*Records:*
************

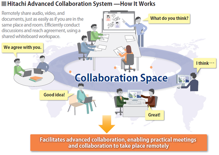 For corporations, collaboration is essential to improving productivity. Corporations need to build environments that enable diverse human assets to effectively collaborate. This need is growing as workforces become increasingly dispersed both in time and place, and as workers increasingly work from home or outside the office on flex-time and satellite and international offices become more common. This case study looks at how the Hitachi Advanced Collaboration System (ACS) enables effective collaboration, focusing on how meetings are conducted at European companies, where there is an emphasis on work-life balance and work-style flexibility due to the historic and geographic background of rich ethnic, cultural, and religious diversity.
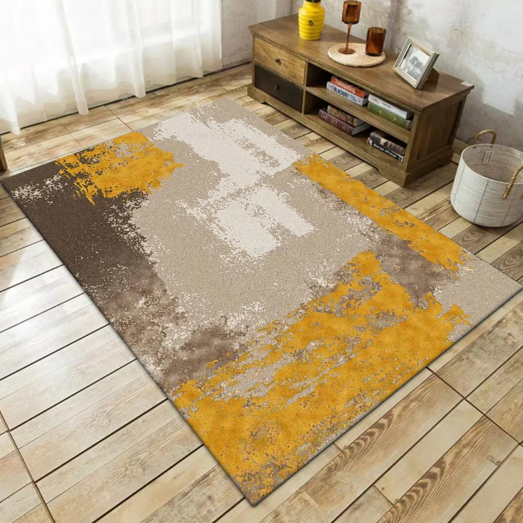 Коврик для спальни, с абстрактным чернильным рисунком, желтого и коричневого цветов
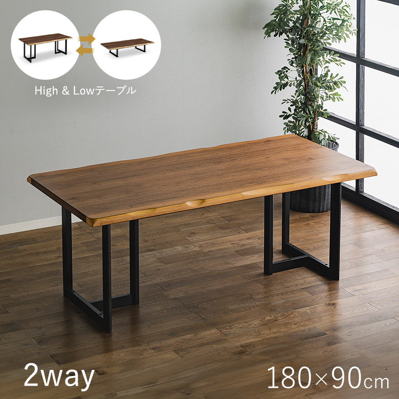 2way ハイ&ローテーブル 180×90 リビング&ダイニング兼用 ダイニングテーブル リビングテーブル ローテーブル 座卓 ウォールナット突板 UV塗装
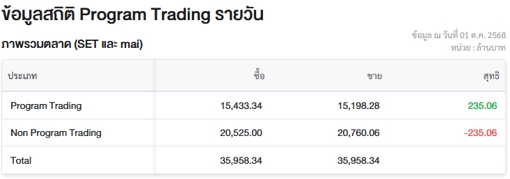 ขณะที่มูลค่าซื้อขายรายวันผ่าน Non Program Trading หรือ “การซื้อขายที่ไม่ใช่โปรแกรม” มีมูลค่าซื้อจำนวน 20,525.00 ล้านบาท และมูลค่าขายจำนวน 20,760.06 ล้านบาท เท่ากับขายสุทธิ 235.06 ล้านบาท
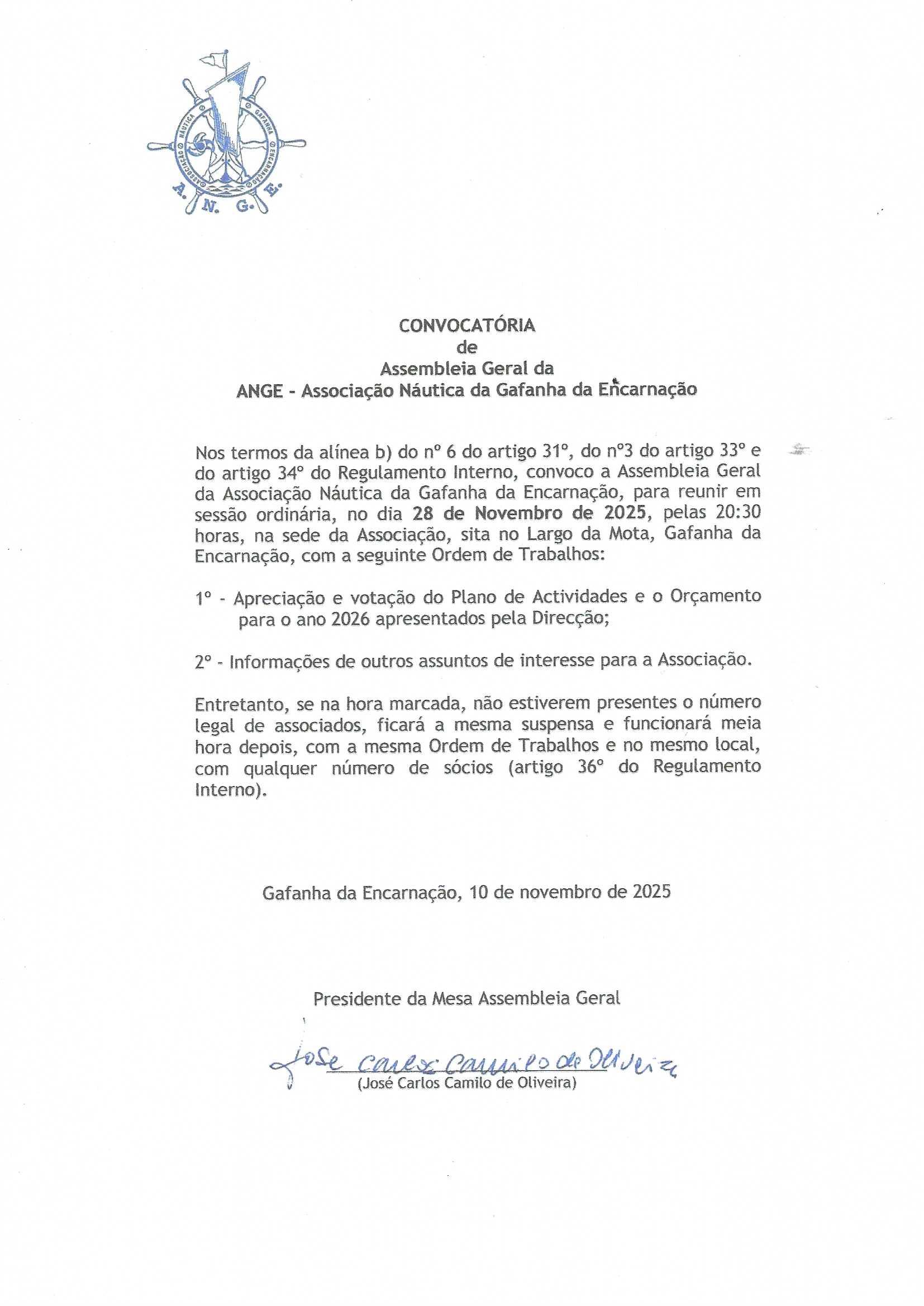 20:44h - 19/11/2025 Convocatória de Assembleia Geral da Associação Náutica da Gafanha da Encarnação

************

*Activity:* Set down word for word every line from the line containing "ขณะที่มูลค่าซื้อขายรายวันผ่าน Non Program" through the last line of the entries, and nothing more; no pictures.

*Written answer:*
 ขณะที่มูลค่าซื้อขายรายวันผ่าน Non Program Trading หรือ “การซื้อขายที่ไม่ใช่โปรแกรม” มีมูลค่าซื้อจำนวน 20,525.00 ล้านบาท และมูลค่าขายจำนวน 20,760.06 ล้านบาท เท่ากับขายสุทธิ 235.06 ล้านบาท
 20:44h - 19/11/2025 Convocatória de Assembleia Geral da Associação Náutica da Gafanha da Encarnação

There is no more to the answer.